[DATA RECORDS]
Segment Open

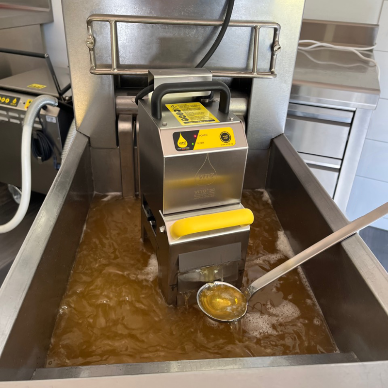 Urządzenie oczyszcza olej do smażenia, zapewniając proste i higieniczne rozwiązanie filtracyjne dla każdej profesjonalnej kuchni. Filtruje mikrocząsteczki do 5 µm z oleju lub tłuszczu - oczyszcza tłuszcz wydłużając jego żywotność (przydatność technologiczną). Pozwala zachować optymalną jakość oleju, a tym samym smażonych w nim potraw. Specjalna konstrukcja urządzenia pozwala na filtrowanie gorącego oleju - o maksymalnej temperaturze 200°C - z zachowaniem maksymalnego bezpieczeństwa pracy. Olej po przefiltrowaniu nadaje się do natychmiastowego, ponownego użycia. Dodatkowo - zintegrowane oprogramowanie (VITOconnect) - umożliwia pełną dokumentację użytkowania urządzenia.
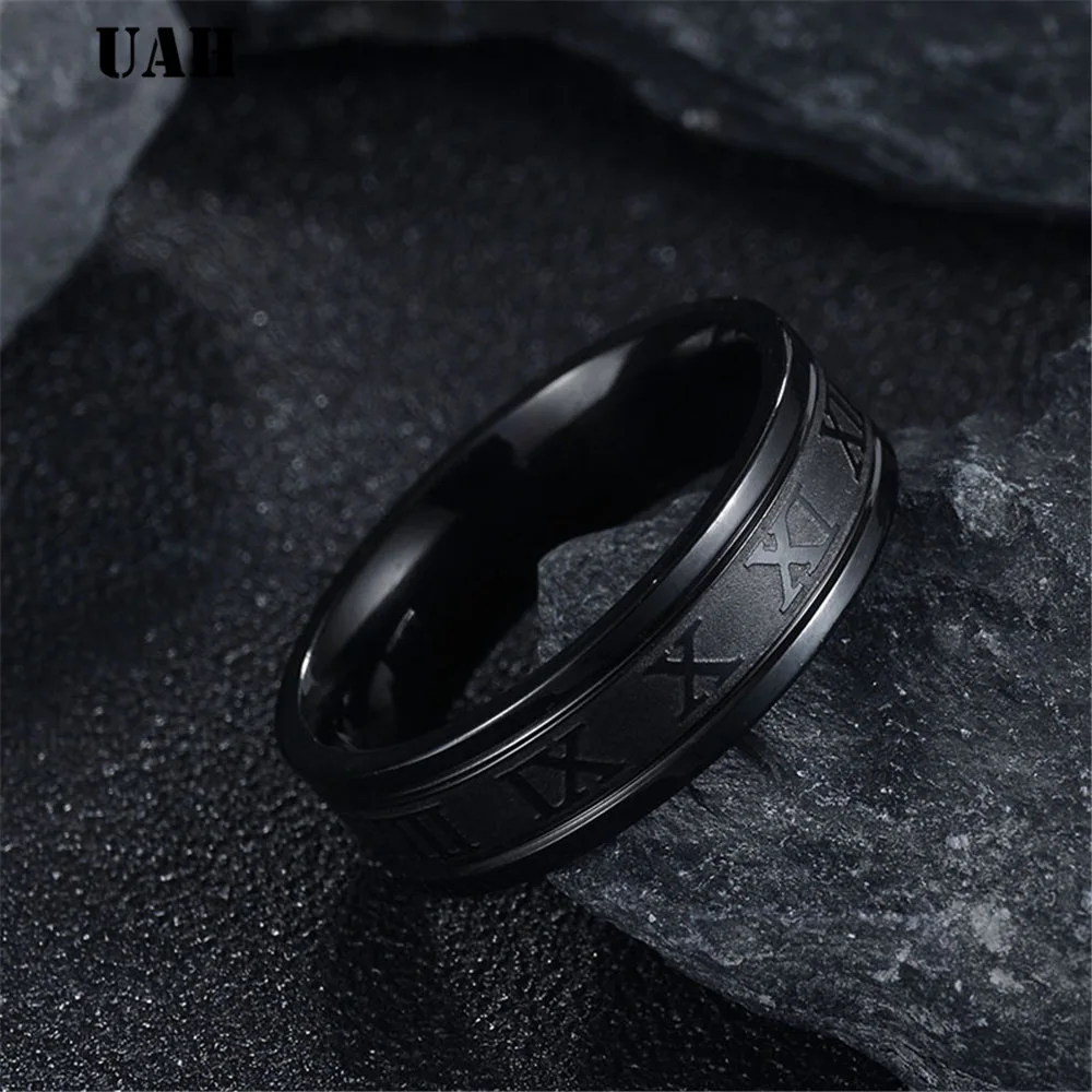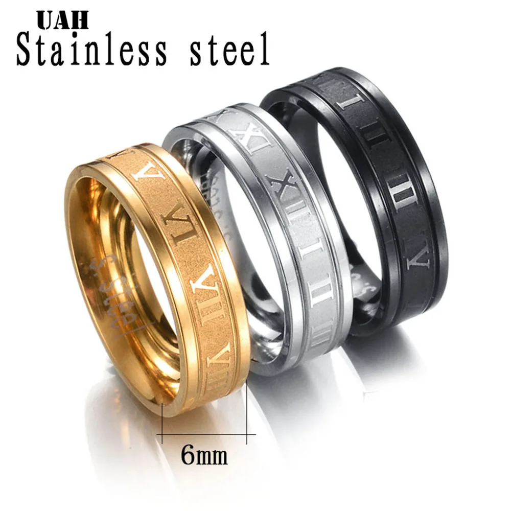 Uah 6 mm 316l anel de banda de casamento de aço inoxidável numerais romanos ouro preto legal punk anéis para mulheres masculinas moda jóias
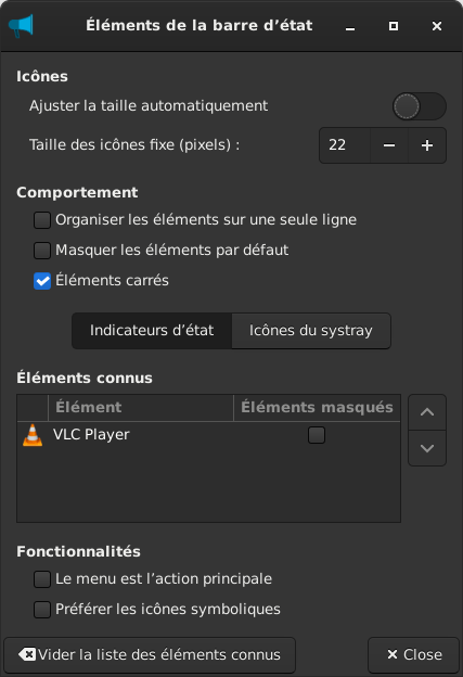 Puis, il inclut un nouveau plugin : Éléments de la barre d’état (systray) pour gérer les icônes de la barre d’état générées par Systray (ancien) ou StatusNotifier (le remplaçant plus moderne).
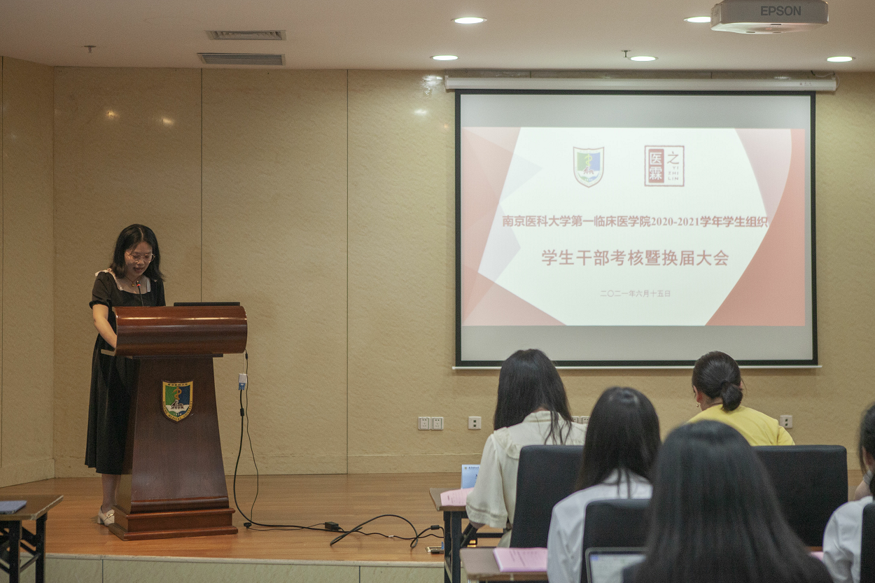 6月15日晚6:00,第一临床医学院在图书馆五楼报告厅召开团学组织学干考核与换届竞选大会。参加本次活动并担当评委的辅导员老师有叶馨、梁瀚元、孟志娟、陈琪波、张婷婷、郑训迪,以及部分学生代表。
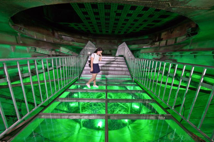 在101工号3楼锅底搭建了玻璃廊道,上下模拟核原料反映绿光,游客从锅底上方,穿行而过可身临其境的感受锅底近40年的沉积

Segment Closed
Segment Open

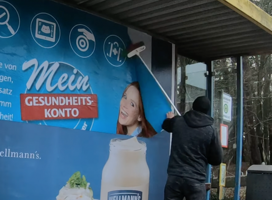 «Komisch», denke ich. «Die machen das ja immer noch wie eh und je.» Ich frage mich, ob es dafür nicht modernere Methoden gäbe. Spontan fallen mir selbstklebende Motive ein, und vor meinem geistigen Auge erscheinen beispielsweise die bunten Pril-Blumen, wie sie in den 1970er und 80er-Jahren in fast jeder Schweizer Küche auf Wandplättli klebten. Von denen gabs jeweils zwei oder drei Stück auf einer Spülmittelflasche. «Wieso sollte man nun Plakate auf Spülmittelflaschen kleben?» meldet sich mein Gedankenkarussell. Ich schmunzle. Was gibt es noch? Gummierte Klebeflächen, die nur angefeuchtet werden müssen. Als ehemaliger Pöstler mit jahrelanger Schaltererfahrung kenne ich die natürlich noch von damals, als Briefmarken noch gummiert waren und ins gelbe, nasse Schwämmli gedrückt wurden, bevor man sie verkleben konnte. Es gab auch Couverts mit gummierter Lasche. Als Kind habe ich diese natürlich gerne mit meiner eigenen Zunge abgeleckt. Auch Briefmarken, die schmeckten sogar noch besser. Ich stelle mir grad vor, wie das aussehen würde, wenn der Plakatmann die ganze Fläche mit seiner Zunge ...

Segment Closed

[PROBLEM TO SOLVE]
Repeat exactly, and only, the entries from the line with "Urządzenie oczyszcza olej" through the line with "在101工号3楼锅底搭建了玻". Pictures are skipped.

[TASK OUTPUT]
 Urządzenie oczyszcza olej do smażenia, zapewniając proste i higieniczne rozwiązanie filtracyjne dla każdej profesjonalnej kuchni. Filtruje mikrocząsteczki do 5 µm z oleju lub tłuszczu - oczyszcza tłuszcz wydłużając jego żywotność (przydatność technologiczną). Pozwala zachować optymalną jakość oleju, a tym samym smażonych w nim potraw. Specjalna konstrukcja urządzenia pozwala na filtrowanie gorącego oleju - o maksymalnej temperaturze 200°C - z zachowaniem maksymalnego bezpieczeństwa pracy. Olej po przefiltrowaniu nadaje się do natychmiastowego, ponownego użycia. Dodatkowo - zintegrowane oprogramowanie (VITOconnect) - umożliwia pełną dokumentację użytkowania urządzenia.
 Uah 6 mm 316l anel de banda de casamento de aço inoxidável numerais romanos ouro preto legal punk anéis para mulheres masculinas moda jóias
 Puis, il inclut un nouveau plugin : Éléments de la barre d’état (systray) pour gérer les icônes de la barre d’état générées par Systray (ancien) ou StatusNotifier (le remplaçant plus moderne).
 6月15日晚6:00,第一临床医学院在图书馆五楼报告厅召开团学组织学干考核与换届竞选大会。参加本次活动并担当评委的辅导员老师有叶馨、梁瀚元、孟志娟、陈琪波、张婷婷、郑训迪,以及部分学生代表。
 在101工号3楼锅底搭建了玻璃廊道,上下模拟核原料反映绿光,游客从锅底上方,穿行而过可身临其境的感受锅底近40年的沉积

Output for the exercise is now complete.